• _ACTIVITY_:
What is wanted is every line below from the one with "为其他球队加油,或者穿着与洛" up to and including the one with "supermarketlər şəbəkəsindən 100", retyped exactly, pictures excluded, nothing else.

Recorded data:
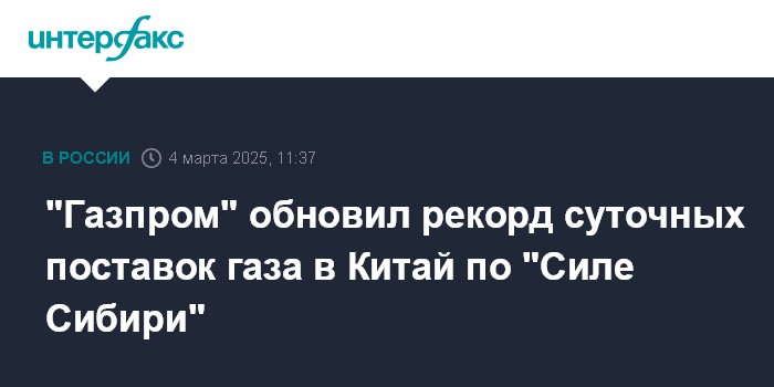 Москва. 4 марта. INTERFAX.RU - "Газпром" 3 марта зафиксировал новый исторический рекорд суточных поставок газа в Китай по "Силе Сибири".
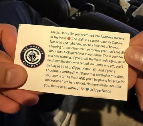 为其他球队加油,或者穿着与洛杉矶快船无关的装备?在我们这里不行。这是我们唯一的警告。如果你再次违反‘墙’的规则,你将被请出场——不退款,不留情面,是的,你会受到所有快船球迷的审判。如果你获得了Chuckmark认证(快船死忠区域成员资格)?你将失去这项令人垂涎的认证,失去进入‘墙’的资格!而且从现在开始,你将全价购买特许经营商品。你再也没有内部优惠了。警告过你了!#快船国度”
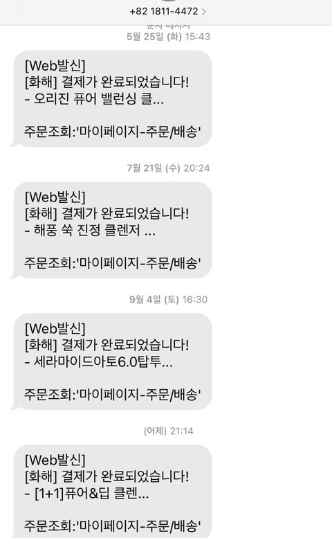 5월부터 가입한적도 없고 주문한적도 없는 쇼핑몰에서 결제완료되었다는 문자를 수신하고 있습니다
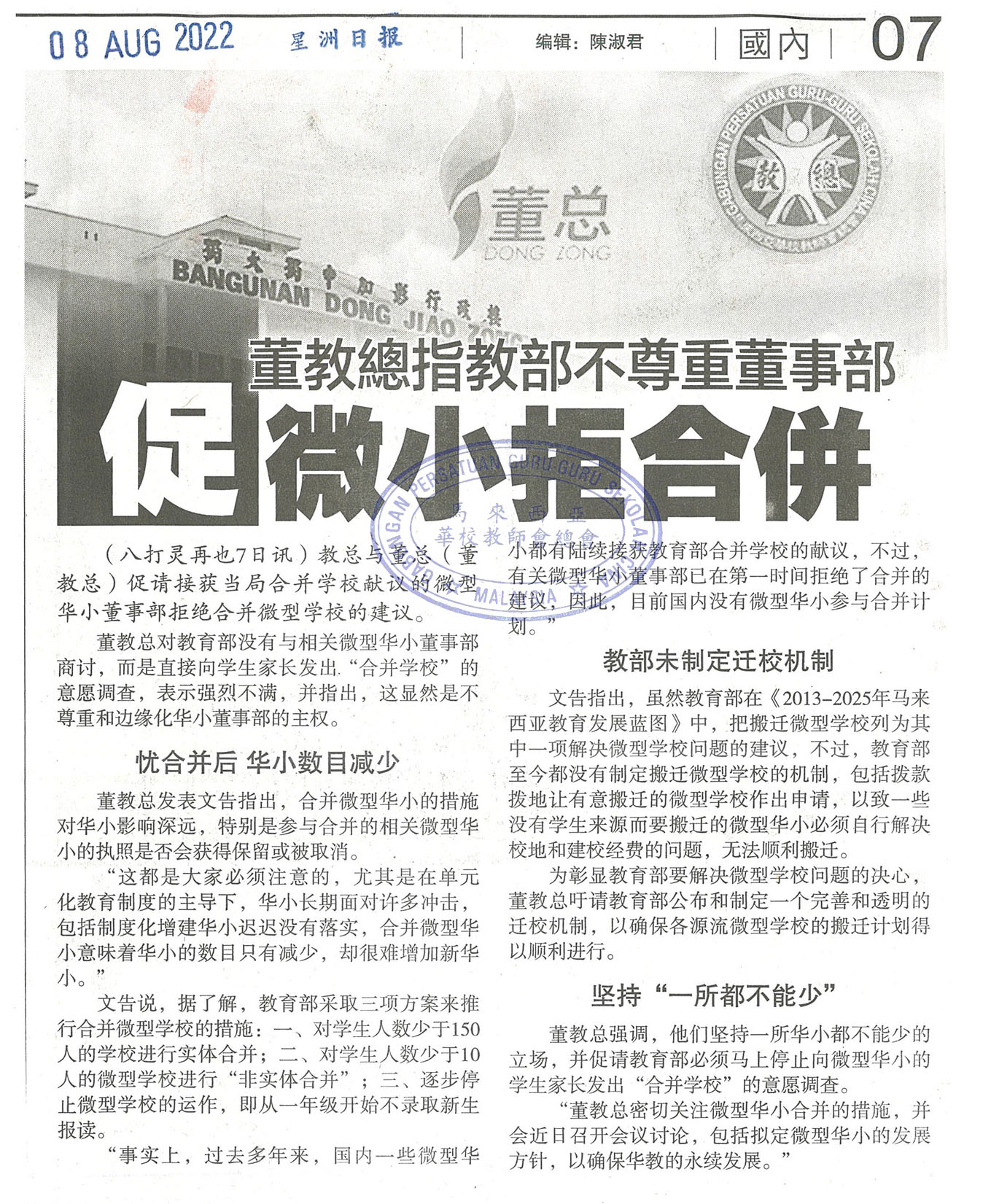 董教总指教部不尊重董事部 促微小拒合并
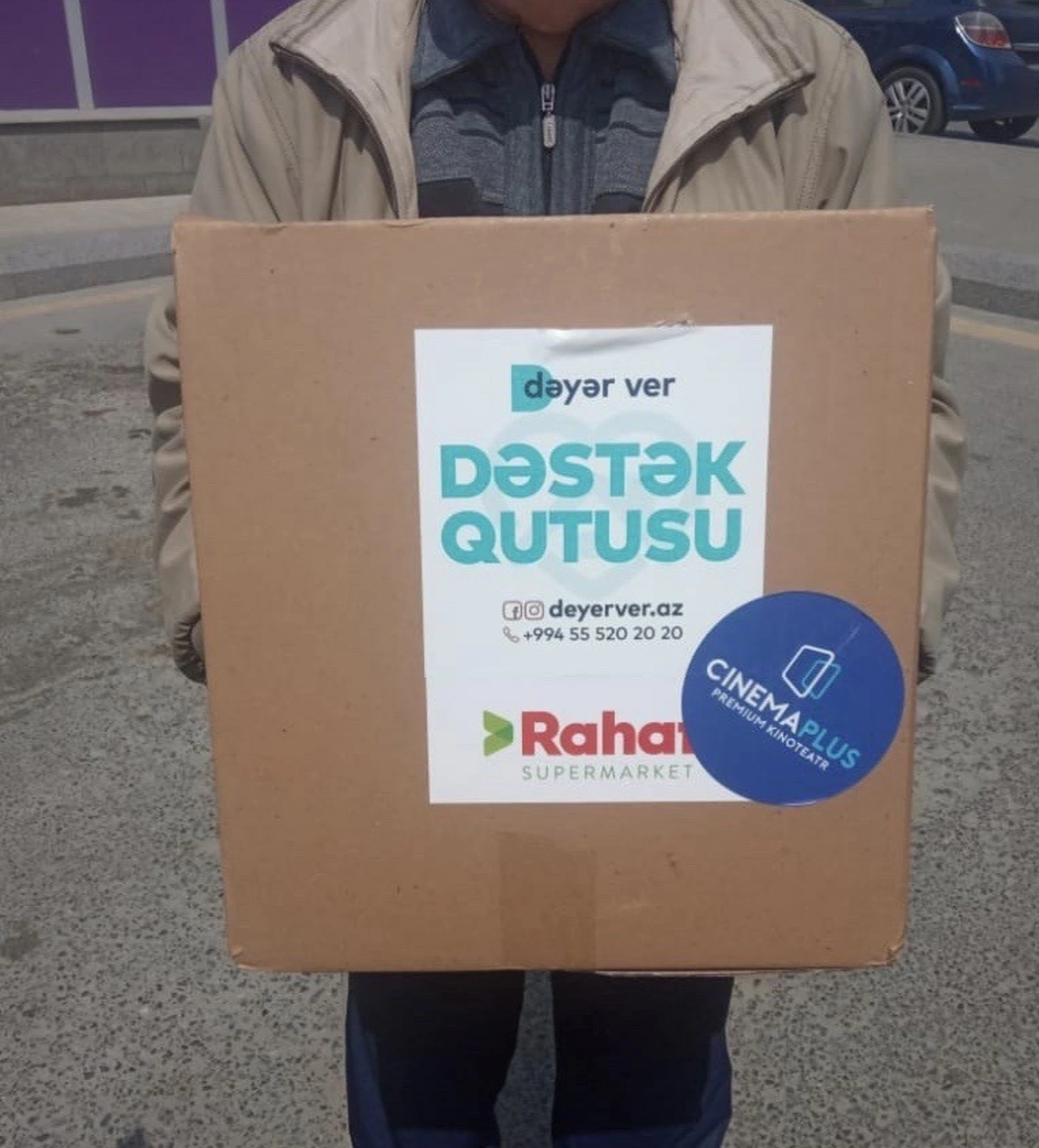 “CinemaPlus” kinoteatrlar şəbəkəsi “Rahat” supermarketlər şəbəkəsindən 100 ədəd “Dəstək Qutusu” alaraq ehtiyacı olan yaşlılara, çoxuşaqlı ailələrə və işsiz ailələrə “Dəyər ver-dəstək ol!” aksiyasına qoşulub.
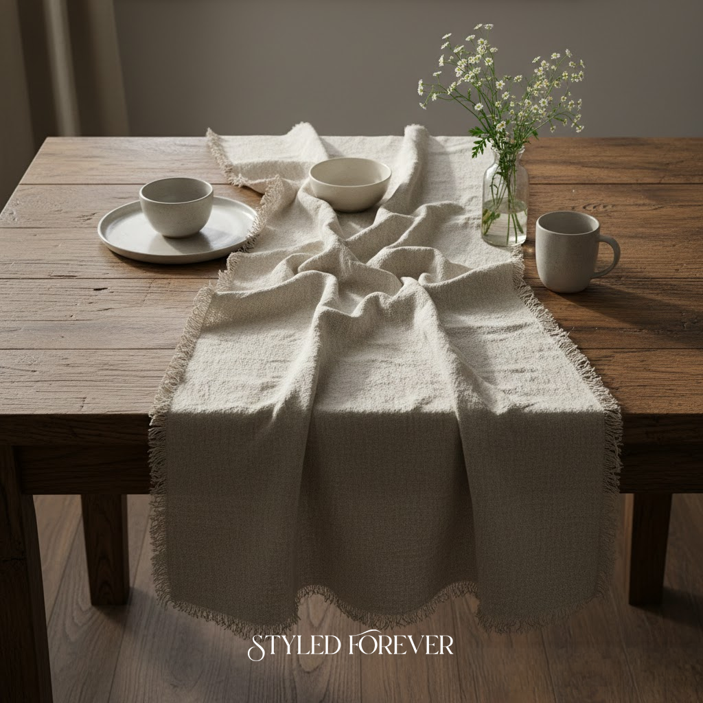 A linen runner draped loosely across the table changes the room without effort. Choose fabric with a soft weave and unfinished edges. Let it fall naturally, not centered, not measured. Pair it with simple tableware and allow the fabric to do the quiet work. The texture matters more than color—oat, stone, faded white. It feels lived-in and peaceful, like something you would keep out long after Easter passes.
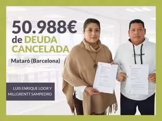 Repara tu Deuda Abogados, despacho de abogados líder en España en la tramitación de la Ley de Segunda Oportunidad, ha logrado otra cancelación de deuda en Catalunya. Mediante la gestión de Repara tu Deuda Abogados, el Juzgado de Primera Instancia n8 de Mataró (Barcelona) ha dictado exoneración del pasivo insatisfecho en el caso de Millgrentt Sampedro y Luis Enrique Loor, que había acumulado una deuda de 50.988 euros a la que no podían hacer frente. VER SENTENCIAS aquí y aquí.

• _RESULT FOR THIS TASK_:
 为其他球队加油,或者穿着与洛杉矶快船无关的装备?在我们这里不行。这是我们唯一的警告。如果你再次违反‘墙’的规则,你将被请出场——不退款,不留情面,是的,你会受到所有快船球迷的审判。如果你获得了Chuckmark认证(快船死忠区域成员资格)?你将失去这项令人垂涎的认证,失去进入‘墙’的资格!而且从现在开始,你将全价购买特许经营商品。你再也没有内部优惠了。警告过你了!#快船国度”
 5월부터 가입한적도 없고 주문한적도 없는 쇼핑몰에서 결제완료되었다는 문자를 수신하고 있습니다
 董教总指教部不尊重董事部 促微小拒合并
 “CinemaPlus” kinoteatrlar şəbəkəsi “Rahat” supermarketlər şəbəkəsindən 100 ədəd “Dəstək Qutusu” alaraq ehtiyacı olan yaşlılara, çoxuşaqlı ailələrə və işsiz ailələrə “Dəyər ver-dəstək ol!” aksiyasına qoşulub.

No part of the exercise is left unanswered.